To solve \(8 = 3 + \frac{1}{4}(3 + p) + \frac{1}{4^2}(3 + 2p) + \frac{1}{4^3}(3 + 3p) + \ldots\), we recognize a geometric series involving the common ratio \( \frac{1}{4} \). Let the series be \( S \), where \( S = 3 + \sum_{n=1}^{\infty} \frac{1}{4^n}(3+np) \). We split it into two separate series: \[ S = 3 + \sum_{n=1}^{\infty} \frac{3}{4^n} + \sum_{n=1}^{\infty} \frac{np}{4^n} \] The first series is geometric with first term \( a = \frac{3}{4} \) and common ratio \( r = \frac{1}{4} \).
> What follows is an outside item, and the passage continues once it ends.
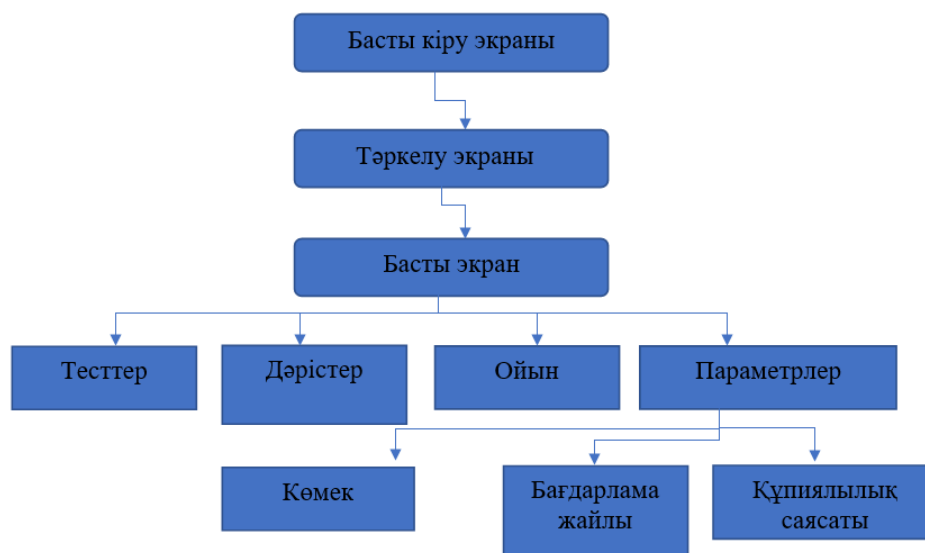
1 схема - Қосымшаның құрылымы

The sum of this infinite geometric series is: \[ \sum_{n=1}^{\infty} \frac{3}{4^n} = \frac{\frac{3}{4}}{1 - \frac{1}{4}} = \frac{3}{4} \times \frac{4}{3} = 1 \] The second series is an arithmetico-geometric series. Its sum can be found using the formula: \[ \sum_{n=1}^{\infty} \frac{n}{r^n} = \frac{r}{(1-r)^2} \text{, for } x = \frac{1}{4} \] Plugging in, we get: \[ \sum_{n=1}^{\infty} \frac{np}{4^n} = \frac{\frac{1}{4}}{(1 - \frac{1}{4})^2} \times p = \frac{\frac{1}{4}}{\frac{9}{16}} \times p = \frac{4}{9}p \] Substituting back into the equation, the series sum becomes: \[ S = 3 + 1 + \frac{4}{9}p = 8 \] Simplifying gives us: \[ 4 + \frac{4}{9}p = 8 \] \[ \frac{4}{9}p = 4 \] \[ p = 9 \] Thus, the value of \( p \) is 9. This value falls within the given range \([9,9]\), confirming our solution is correct. 

Answer 2

Given series:
\(8=3+\dfrac{1}{4}(3+p)+\dfrac{1}{4^2}(3+2p)+\dfrac{1}{4^3}(3+3p)+\ldots\)
This is an arithmetic-geometric progression (A.G.P). Using the sum formula for an infinite
A. G. P. ,  we have:
\(\text{Sum}=\frac{a}{1-r}+\frac{d\cdot r}{(1-r)^2}\)
Solving for \(p:\)
\(\dfrac{4p}{9}=4\Rightarrow p=9\)